Logistic Regression is the special case of linear regression where dependent or output variable is categorical. Logistic in logistic regression comes from the function which is the core of this algorithm. This function is logistic function or sigmoid function . Logistic function can be written as : 

$$f(x) = \frac{1}{1+e^{-x}}$$

![Sigmoid function](images/sigmoid.png)

Logistic regression is the classification algorithm.  We can implement this function in numpy as follows:



In [None]:
import math
import matplotlib.pyplot as plt
import numpy as np
import matplotlib as mpl
#mpl.rcParams['axes.unicode_minus']=False

def sigmoid(x):
    return 1.0 / (1.0 + np.exp(-x))

In [3]:
numbers = np.linspace(-20,20,50) #generate a list of numbers
numbers

array([-20.        , -19.18367347, -18.36734694, -17.55102041,
       -16.73469388, -15.91836735, -15.10204082, -14.28571429,
       -13.46938776, -12.65306122, -11.83673469, -11.02040816,
       -10.20408163,  -9.3877551 ,  -8.57142857,  -7.75510204,
        -6.93877551,  -6.12244898,  -5.30612245,  -4.48979592,
        -3.67346939,  -2.85714286,  -2.04081633,  -1.2244898 ,
        -0.40816327,   0.40816327,   1.2244898 ,   2.04081633,
         2.85714286,   3.67346939,   4.48979592,   5.30612245,
         6.12244898,   6.93877551,   7.75510204,   8.57142857,
         9.3877551 ,  10.20408163,  11.02040816,  11.83673469,
        12.65306122,  13.46938776,  14.28571429,  15.10204082,
        15.91836735,  16.73469388,  17.55102041,  18.36734694,
        19.18367347,  20.        ])

In [4]:
#we will pass each number through sigmoid function
results = sigmoid(numbers)
results[:20]  #print few numbers

array([2.06115362e-09, 4.66268920e-09, 1.05478167e-08, 2.38610019e-08,
       5.39777490e-08, 1.22107080e-07, 2.76227484e-07, 6.24874560e-07,
       1.41357420e-06, 3.19774584e-06, 7.23382998e-06, 1.63640365e-05,
       3.70175420e-05, 8.37362281e-05, 1.89405944e-04, 4.28366894e-04,
       9.68517025e-04, 2.18827951e-03, 4.93663522e-03, 1.10983776e-02])

As you can see, all numbers are squashed between [0,1]
Now, we will implement logistic regression using sklearn.

In [1]:
# Using LogisticRegression on the cancer dataset. 

from sklearn.datasets import load_breast_cancer
from sklearn.linear_model import LogisticRegression
from sklearn.model_selection import train_test_split

import matplotlib.pyplot as plt
%matplotlib inline

cancer = load_breast_cancer()

X_train, X_test, y_train, y_test = train_test_split(cancer.data, cancer.target, stratify=cancer.target, random_state=42)

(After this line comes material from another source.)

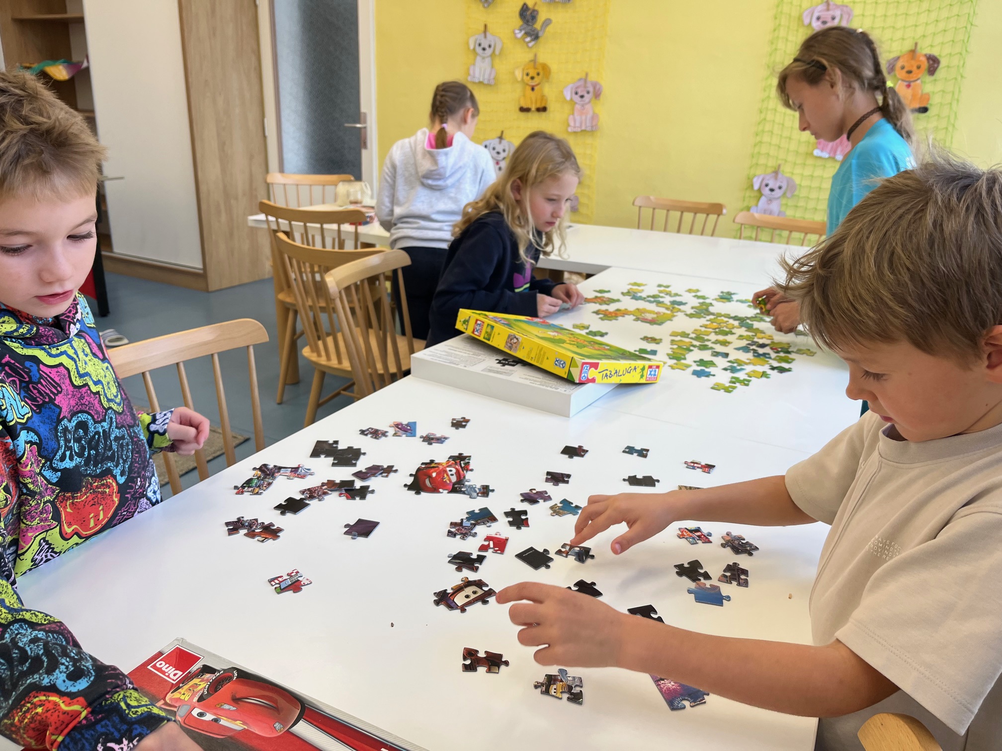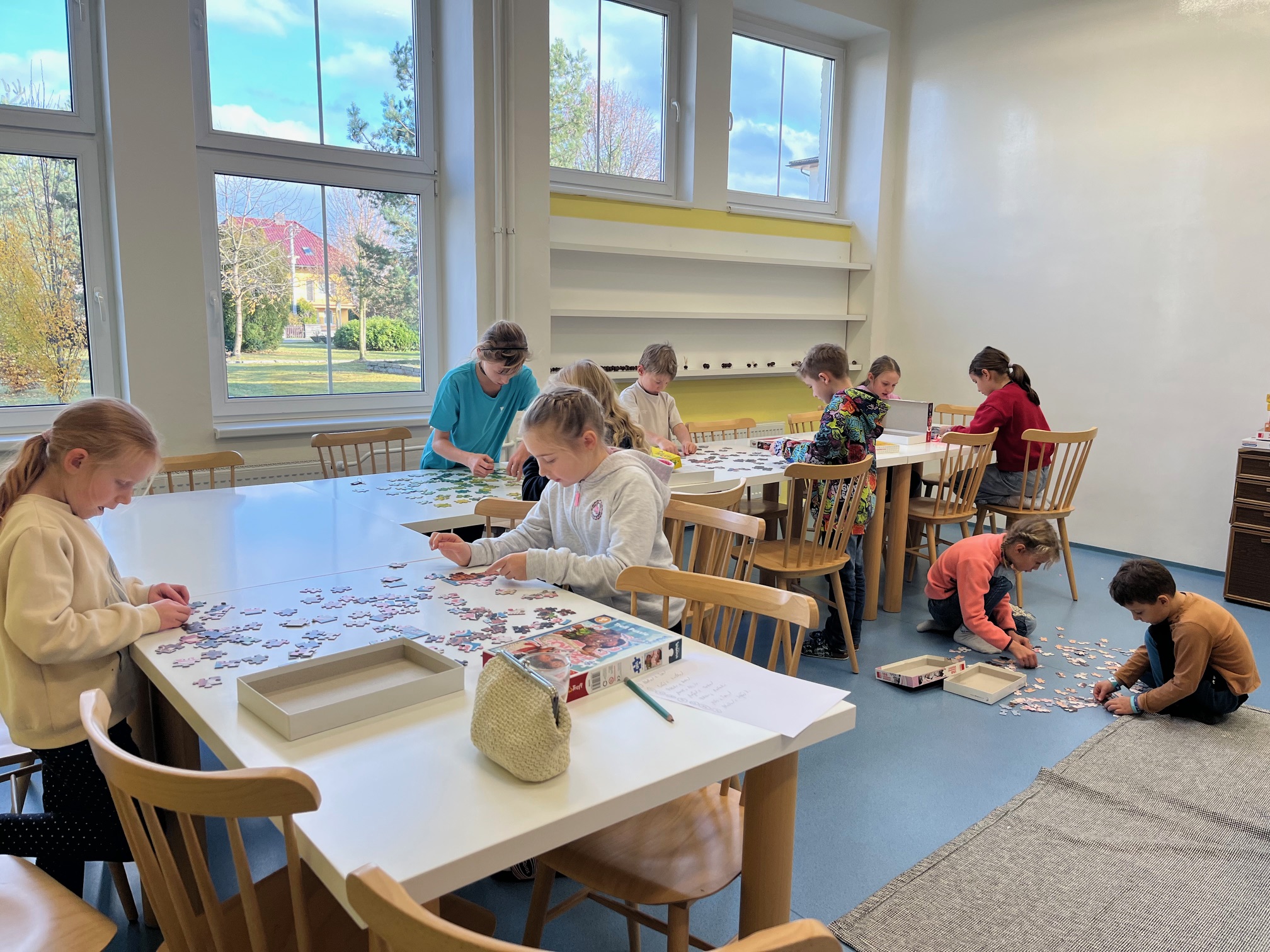 Do letošní Puzzliády se zapojilo celkem 16 žáků z prvního i druhého oddělení, kteří předvedli úžasné nadšení, vytrvalost i týmového ducha. Soutěžící se pustili do skládání puzzlí s obrovským odhodláním a mnozí z nich bojovali opravdu do posledního kousku. Atmosféra byla plná napětí, radosti a děti se navzájem povzbuzovaly. Nakonec jsme poznali vítěze obou oddělení:

log_reg = LogisticRegression()
log_reg.fit(X_train, y_train)

LogisticRegression(C=1.0, class_weight=None, dual=False, fit_intercept=True,
          intercept_scaling=1, max_iter=100, multi_class='ovr', n_jobs=1,
          penalty='l2', random_state=None, solver='liblinear', tol=0.0001,
          verbose=0, warm_start=False)

In [2]:
print('Accuracy on the training subset: {:.3f}'.format(log_reg.score(X_train, y_train)))
print('Accuracy on the test subset: {:.3f}'.format(log_reg.score(X_test, y_test)))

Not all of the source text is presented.